Top of Available data

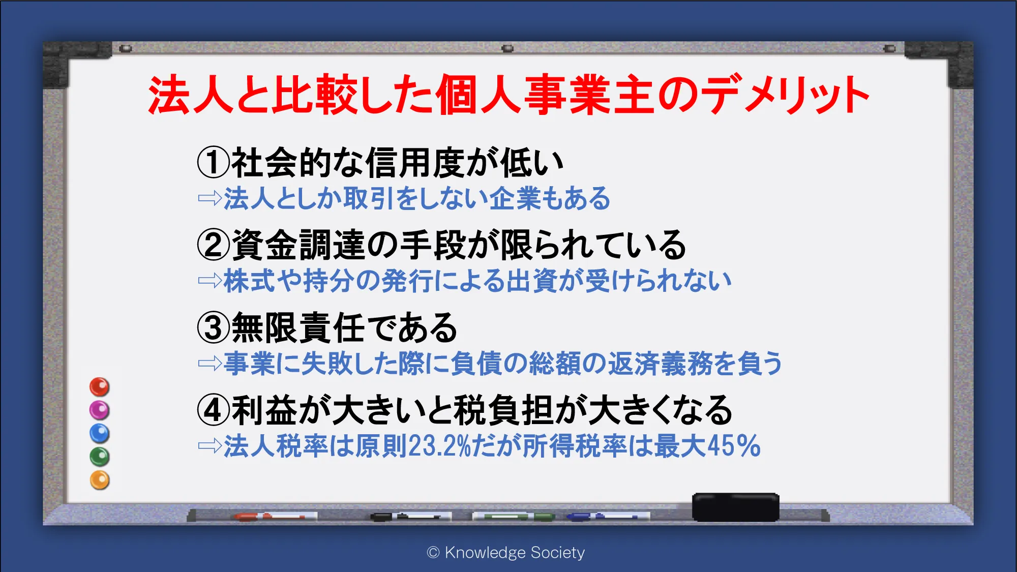 シェアオフィス・バーチャルオフィス@東京都千代田区|ナレッジソサエティ > 法人と比較した個人事業主のデメリット
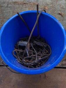 Paula is de hele dag bezig geweest met de spijkers! Een emmer vol!
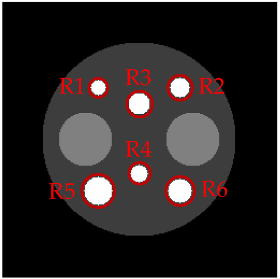 To evaluate the regional performance of each algorithm, we first selected the six high-intensity circles (as shown in Figure 5) as regions of interest (ROIs) and computed the mean contrast recovery coefficients (MCRCs) of the reconstructions calculated from 50 independent noise trials. The regional MCRC defined in (20) measures how well the algorithm restores the contrast of an ROI with respect to its background chosen from the base circle with a low intensity.
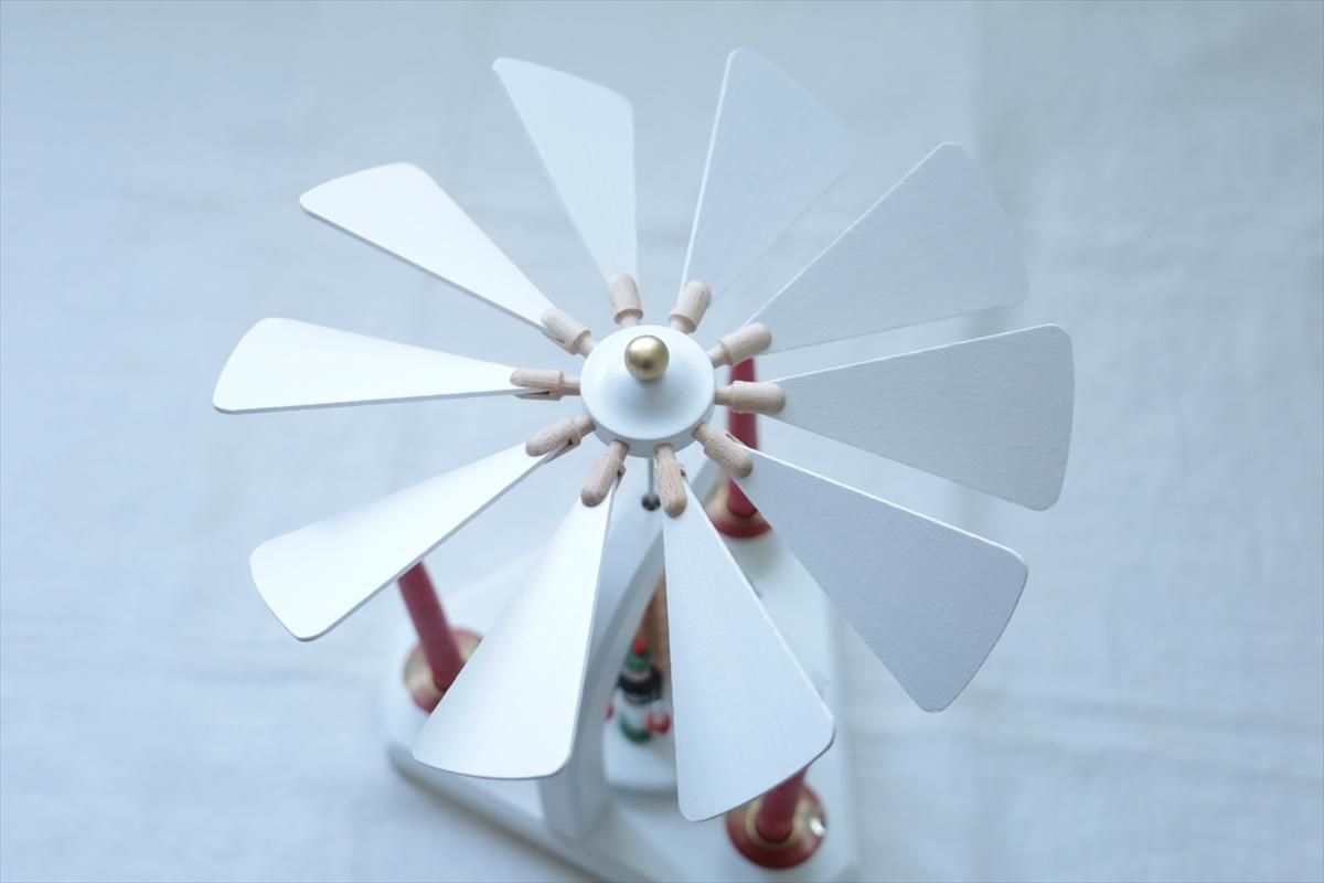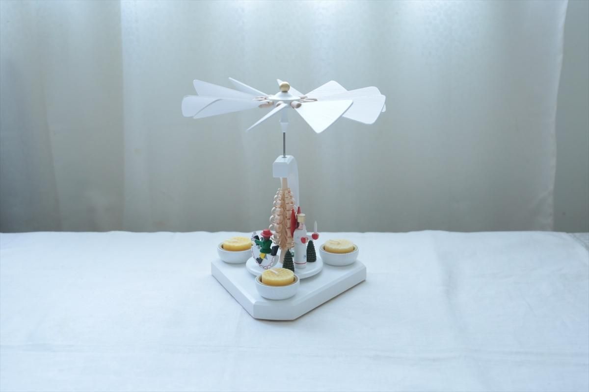 ドイツのAlbin Preissler(アルビンプライスラー)のキャンドルスタンドです。 プロペラは、中央のステージと連結されていて、ローソクの炎で温められた空気が上にのぼり、 羽根を回転させて真ん中のステージが回るという仕組みです。 真鍮のロウソク立てと木で作られた動物や人物が飾られています。 素朴で温かみのある色合いやモミの木の繊細な作りをお楽しみください。 また、キャンドルホルダーはティーキャンドル用とスティックタイプ用の2種類つきです。 *キャンドル、箱付きです。
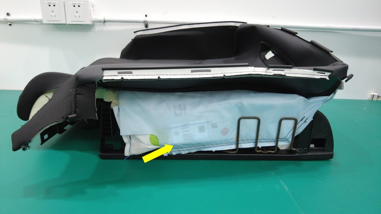 将第三排左侧座椅头部侧气囊放置在座椅框架上。
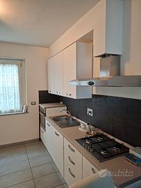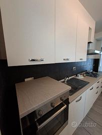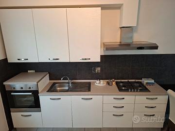 Vendo cucina completa moderna in ottime condizioni, colore bianco lucido con top effetto pietra chiaro e schienale nero elegante. Design lineare e funzionale, ideale per appartamento, seconda casa o investimento. Misure totali: Lunghezza: 3,00 m Altezza: 0,90 m Profondità: 0,60 m Composta da: Pensili capienti Base con cassetti e ante Lavello con gocciolatoio Piano cottura 4 fuochi Forno da incasso Cappa aspirante inox Cucina ben tenuta, pronta da montare e utilizzare. Prezzo richiesto: €600 Smontaggio e trasporto da concordare. Per informazioni o altre foto contattami in privato.

Bottom of Available data

• [Problem statement]:
Faithful copy, images left out: write out every line of data.

• [Problem solution]:
 シェアオフィス・バーチャルオフィス@東京都千代田区|ナレッジソサエティ > 法人と比較した個人事業主のデメリット
 Paula is de hele dag bezig geweest met de spijkers! Een emmer vol!
 To evaluate the regional performance of each algorithm, we first selected the six high-intensity circles (as shown in Figure 5) as regions of interest (ROIs) and computed the mean contrast recovery coefficients (MCRCs) of the reconstructions calculated from 50 independent noise trials. The regional MCRC defined in (20) measures how well the algorithm restores the contrast of an ROI with respect to its background chosen from the base circle with a low intensity.
 ドイツのAlbin Preissler(アルビンプライスラー)のキャンドルスタンドです。 プロペラは、中央のステージと連結されていて、ローソクの炎で温められた空気が上にのぼり、 羽根を回転させて真ん中のステージが回るという仕組みです。 真鍮のロウソク立てと木で作られた動物や人物が飾られています。 素朴で温かみのある色合いやモミの木の繊細な作りをお楽しみください。 また、キャンドルホルダーはティーキャンドル用とスティックタイプ用の2種類つきです。 *キャンドル、箱付きです。
 将第三排左侧座椅头部侧气囊放置在座椅框架上。
 Vendo cucina completa moderna in ottime condizioni, colore bianco lucido con top effetto pietra chiaro e schienale nero elegante. Design lineare e funzionale, ideale per appartamento, seconda casa o investimento. Misure totali: Lunghezza: 3,00 m Altezza: 0,90 m Profondità: 0,60 m Composta da: Pensili capienti Base con cassetti e ante Lavello con gocciolatoio Piano cottura 4 fuochi Forno da incasso Cappa aspirante inox Cucina ben tenuta, pronta da montare e utilizzare. Prezzo richiesto: €600 Smontaggio e trasporto da concordare. Per informazioni o altre foto contattami in privato.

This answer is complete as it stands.